# frontosa with n. brichardi & n. leleupi & possibly s



## Javed (Apr 25, 2007)

hello all

i have a tank size: (72" x 22" x 18") 130g (which also includes my sump water)

i am thinking of keeping 1 or 2 frontosa's with 4 neolamprologus birichardi and 4-6
neolamprologus leleupi and possibly with 2 Enantiopus melanogenys or 2 Xenotilapia ochrogenys.

will this work ?

my main fish that i must have is neolamprologus birichardi & neolamprologus leleupi as these have all ways been my favourites fish and kept in the past, the frontosa i have included is becuase i would like something that is a bit bigger in size and has nice a colour and shape
the Enantiopus melanogenys or Xenotilapia ochrogenys is the list as i want something a little diffrent and love the colour on them

the tank will be decorated with some rocks not many, more open space and a few plastic plants

i have moved away from keeping wild caught malawi cichlids mainly mbuna. which to be fair my tank was mixed with all sort of diffrent species, and some were to similar which caused big upset in the tank!

i was thinking of going into marines but its to much work for me i see my brother in his tank every few days doing some thing. i havent got that sort of time so i am going back to tanganyika cichlids and this time i want to get the ballance right,

can you guys help me out pls and what do you think

thanks


----------



## triscuit (May 6, 2005)

The short answer is no. First off xenos and enants do best in schools (6-8 fish), but the neighborhood isn't going to be very friendly for them. Fronts like to eat anything they can fit in their mouths, and brichardi are mean- possibly mean enough to kill the fronts.


----------



## Floridagirl (Jan 10, 2008)

I have done Frontosa and Leleupi in a similar sized tank with a pair of Julie Regani, and 2 Calvus.

I would suggest getting the Leleupi, Julies, and letting them grow and start pairing off. Then an adult pair of Calvus, Then 10 Frontosa and weed out the males for a breeding group of 1M, 4-5 F.

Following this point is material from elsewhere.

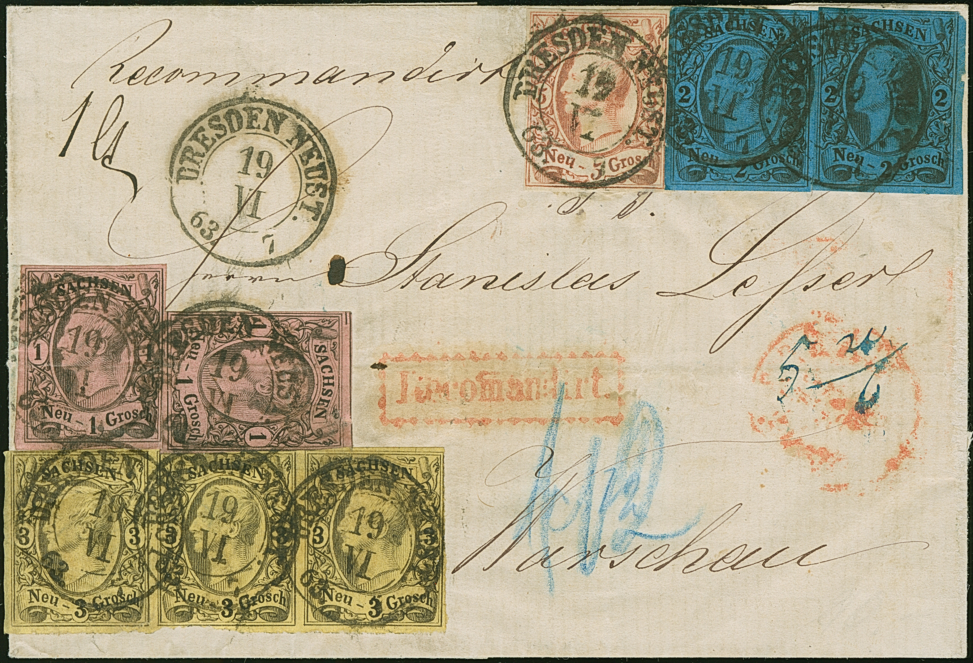 5 Ngr. ziegelrot, voll- bis breitrandig zusammen mit waagerechtem 3er-Streifen 3 Neugroschen auf gelb sowie jeweils 2 Einzelwerten 2 Neugroschen auf blau und 1 Neugroschen auf rosa, teils etwas berührt bzw. leicht fehlerhaft, durch die 1 Neugroschen-Werte waagerechter Briefbug, mit Doppelkreisstempel "DRESDEN NEUST. 19 VI 63" auf eingeschriebener Briefhülle der 2. Gewichtsstufe nach Warschau. Das Porto setzt sich zusammen aus 6 Neugroschen Vereinsgebühr, 2 Neugroschen sächsischer Reco-Gebühr sowie 12 Neugroschen russischem Porto einschließlich der Rekommandation. Eine spektakuläre und einmalige 4 Farben-20 Ngr.- Frankatur aus der bekannten Lesser-Korrespondenz.

There is always a chance that the Fronts will eat the smller fish. but if you start with Juviniles and let them grow together, your odds are better.


----------



## dielikemoviestars (Oct 23, 2007)

Mostly agree with floridagirl, but I'd try to get the fronts in there before everything else pairs off, especially if you're getting young (1-2") fronts.


----------



## Javed (Apr 25, 2007)

ok thanks guys.

i think i will give this project a miss as like you guys said its not really going to work and its a risk that i will be taking.

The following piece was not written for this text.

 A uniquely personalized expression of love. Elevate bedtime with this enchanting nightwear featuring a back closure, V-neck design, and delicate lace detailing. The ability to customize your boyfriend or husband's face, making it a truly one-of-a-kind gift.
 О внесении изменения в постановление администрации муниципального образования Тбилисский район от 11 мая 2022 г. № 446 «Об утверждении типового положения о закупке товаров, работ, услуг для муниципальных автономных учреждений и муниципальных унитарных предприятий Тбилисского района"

im a little confused on what to keep to be perfectly honest.

i have kept tangs, (tank bred) mainly rock dwellers, i have kept wild caught malawi cichlids, loved them but too much aggresion and loosing fish becuase of it..

i think i defo want to go down the tanganyika root again but not really rock dwellers. i still want colourfull fish just like my wild caught malawi cichlids!

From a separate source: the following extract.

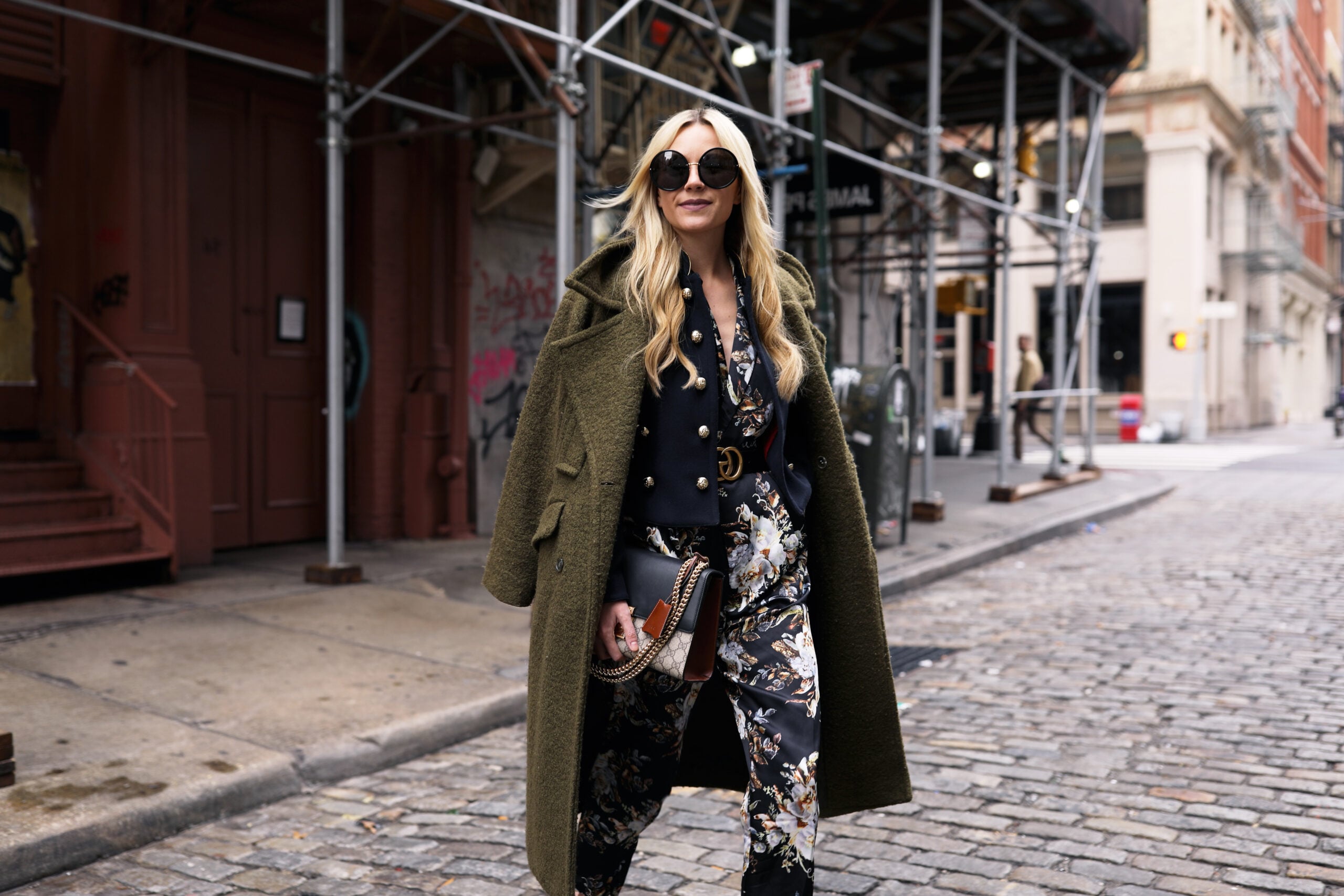 Jumpsuit: ASOS (under $50). Shoes: Gianvito Rossi (last seen here, similar version here for $40). Belt: Gucci (this has been on repeat, last seen here!). Military Coat: Burberry (also seen here and here). Coat: Old, similar here. Bag: Gucci. Sunglasses: Linda Farrow.

what can be kept with or what will work with Enantiopus melanogenys or Xenotilapia ochrogenys?

i also dont know wether i should create a new thread as this thread would be titled wrong as i have now decided not to keep fronts, brichardi,

what do you guys think?


----------



## brucem (Aug 12, 2009)

I have a tank a very similar size with adult fronts (1m:7f), 6 leleupi and 4 dubs (1m:3f). There are some rocks that the leleupi get under, but everything is harmonious. The leleupi and fronts look great together.

I used to have a pair of hecqui in there before the dubs. That worked to, but when I set up the tank a few years ago, I put the smaller fish in a couple of days before the fronts so they knew where the hide-outs were

Bruce


----------